Ikeda’s perspective echoed calls last year from state and federal leaders and locals who objected to the Trump administration looking into housing immigrant children near the site of a former internment camp in Rohwer, Arkansas. Those plans were scrapped. The Office of Refugee Resettlement, overseen by the Department of Health and Human Services, said it plans to house up to 1,400 migrant children at Fort Sill, near Lawton, Oklahoma, about 90 miles southwest of Oklahoma City.

An e-mailed request for comment from the department was not returned. In a letter dated June 12, Health and Human Services secretary Alex Azar and acting Homeland Security secretary Kevin McAleenan asked congress to appropriate $4.5 billion in emergency funding requested to "address the immediate humanitarian crisis at our southern border."

Record numbers of unaccompanied children have been arriving at the border, largely from Guatemala, Honduras, and El Salvador. In May, border agents apprehended 11,507 children travelling alone. The Office of Refugee Resettlement has come under fire for the death of two children who went through the agency’s network of shelters and is facing lawsuits over the treatment of teens in its care. The office has said it must set up new facilities to accommodate new arrivals or risk running out of beds.

Fort Sill spokesman Darrell Ames said the post’s information indicates that following America’s entry into World War II, the government directed the base to build internment camps for Japanese Americans, but nothing in the record reflects the camps were actually occupied by Japanese Americans. Instead, the camps were used by prisoners of war from Japan, Germany, and Italy.

Officials at the Fort Sill National Historic Landmark & Museum said they have no information about the base’s use as an internment or prisoner-of-war camp because that part of its history is not part of its mission statement.

Shawn Iwaoka, who works in collections at the Japanese American National Museum in Los Angeles, said confusion abounds because camps were referred to by different names, including "relocation centers" or "detention camps," and because the camp at Fort Sill was much smaller than camps such as Manzanar in California, which housed thousands of people. The museum’s collection includes letters a man detained at Fort Sill wrote to his wife at another camp in California with a pre-preprinted label that said "internee of war."

"The euphemisms were rampant to kind of soften what they really were.

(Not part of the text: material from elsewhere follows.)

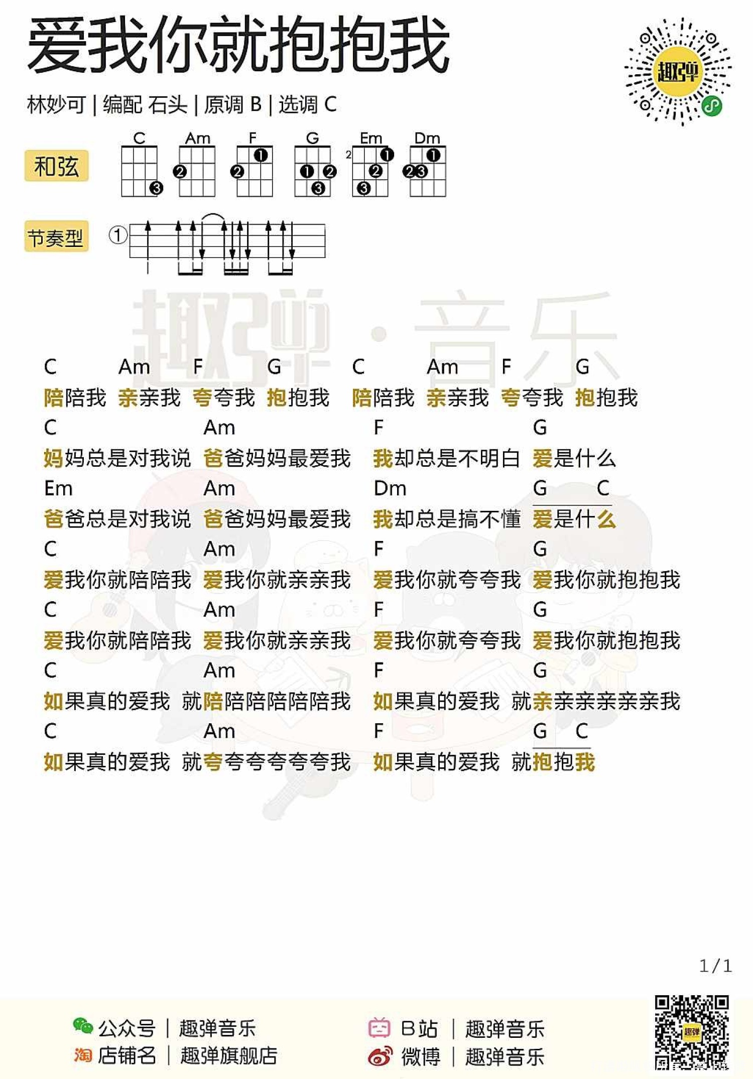 曲谱介绍: 林妙可《爱我你就抱抱我》尤克里里谱,共有1张高清图谱,免翻页排版设计。

The museum’s position is that they should be called concentration camps," Iwaoka said. "They were going into people’s homes and forcing them to leave their property."

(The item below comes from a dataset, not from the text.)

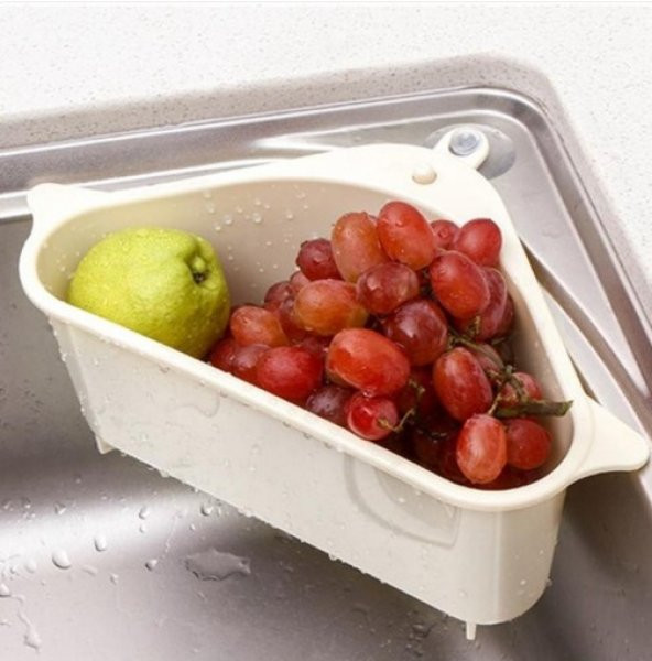 Vantuzlu Üçgen Sebze Meyve Lavabo Raf Evye Süzgeç Sünger Tutucu Düzenleyici Mutfak Organizer

It’s unclear exactly when the camp at Fort Sill opened, but an encyclopedia Densho publishes shows it closed in June 1942, almost seven months after the Japanese bombed the American fleet in Pearl Harbor, Hawai‘i. That pushed the U.S. into war and led the government to open internment camps.

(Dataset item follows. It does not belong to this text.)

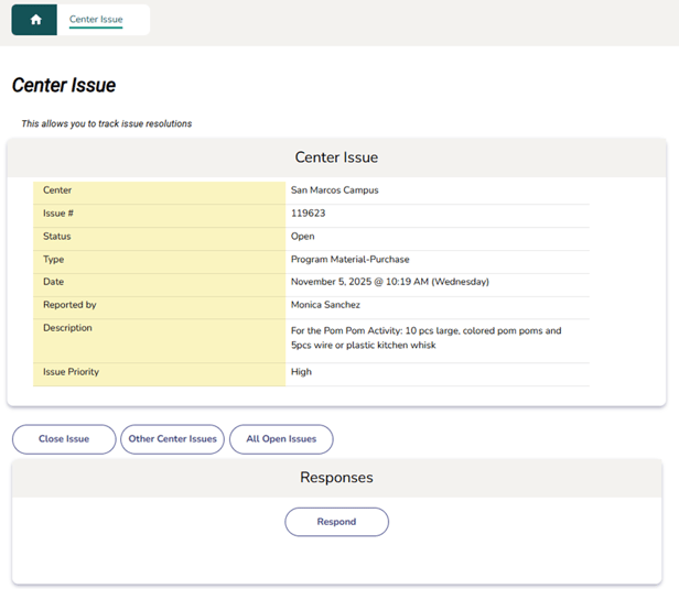 - You will be redirected to the Center Issue page, where the issue details will be displayed.

Densho’s records and the book Confinement and Ethnicity: An Overview of World War II Japanese American Relocation Sites, included on the National Park Service website, show from 359 to more than 700 people were interred at Fort Sill, including three German nationals. A guard shot a Japanese man to death while he was distraught and trying to escape. The Densho Encyclopedia says detainees lived in tents and that summer temperatures climbed to 100º Fahrenheit.

Associated Press writers Tim Talley in Oklahoma City and Susan Montoya Bryan in Albuquerque, New Mexico, contributed to this report.